Table Of Contents
Configuring Unknown Unicast Flood Control
Understanding UUFB and UUFRL
Configuring UUFB
Configuring UUFRL
Configuring Unknown Unicast Flood Control
This chapter describes how to configure the unknown unicast flood blocking (UUFB) and unknown unicast flood rate-limiting (UUFRL) features in Cisco IOS Software Release 12.2SX.
Note For complete syntax and usage information for the commands used in this chapter, see the Cisco IOS Software Releases 12.2SX Command References at this URL:
http://www.cisco.com/en/US/docs/ios/mcl/122sx_mcl.html
Understanding UUFB and UUFRL
Unknown unicast traffic is flooded to all Layer 2 ports in a VLAN. You can use the UUFB and UUFRL features to prevent or limit this traffic.
The UUFB feature blocks unknown unicast traffic flooding at a specific port, only permitting egress traffic with MAC addresses that are known to exist on the port. The UUFB feature is supported on all ports that are configured with the switchport command, including private VLAN (PVLAN) ports.

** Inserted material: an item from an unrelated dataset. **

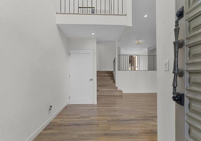 The townhomes feature grand double door entry, high ceilings, dramatic skylight windows, distinctive open staircases, stylish fireplaces in the living rooms and formal dining room with wet bar The spacious kitchens feature ample cabinet space, island with range top, built-in desk and a large breakfast area. The master suites boast volume ceilings, dressing area with makeup vanity and great closets. The master baths include stall shower, double sink vanity, and soaking tub. There is also a laundry area in the private two car garage.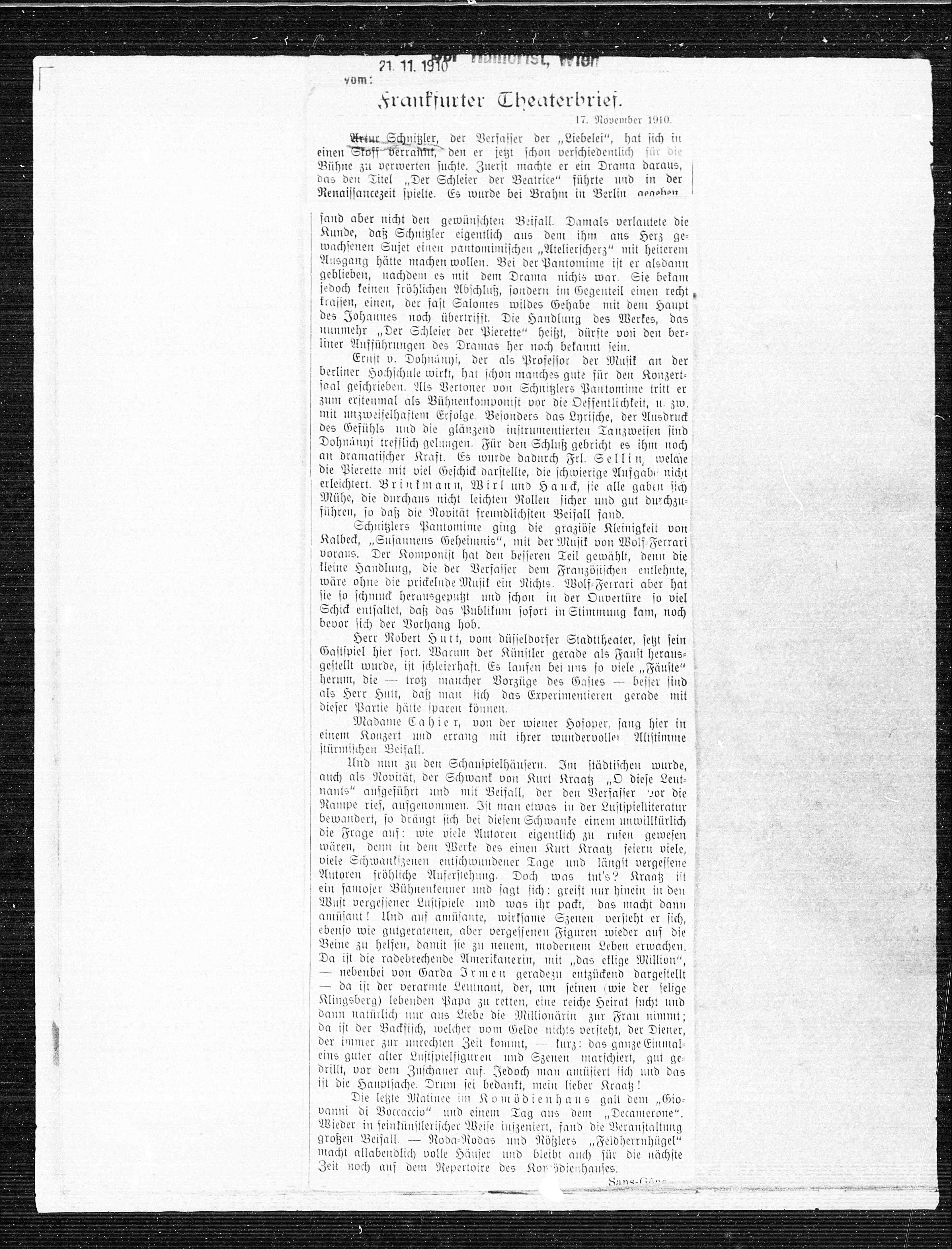 Kalbeck, „Susannens Geheimnis“ mit der Musik von Wolf=Ferrari

The UUFRL feature applies a rate limit globally to unknown unicast traffic on all VLANs.
Configuring UUFB
To configure UUFB, perform this task:
|
Command
|
Purpose
|
Step 1
|
Router# configure terminal
|
Enters global configuration mode.
|
Step 2
|
Router(config)# interface {{type1 slot/port} |
{port-channel number}}
|
Selects the interface to configure.
|
Step 3
|
Router(config-if)# switchport block unicast
|
Enables UUFB on the port.
|
Step 4
|
Router(config-if)# do show interfaces
[type1 slot/port] switchport | include unicast
|
Verifies the configuration.
|
This example shows how to configure UUFB on Fast Ethernet port 5/12 and how to verify the configuration:
Router# configure terminal
Router(config)# interface fastethernet 5/12
Router(config-if)# switchport block unicast
Router(config-if)# do show interface fastethernet 5/12 switchport | include unicast
Unknown unicast blocked: enabled
Configuring UUFRL
Note The UUFRL feature is only available with the Supervisor Engine 720-10GE.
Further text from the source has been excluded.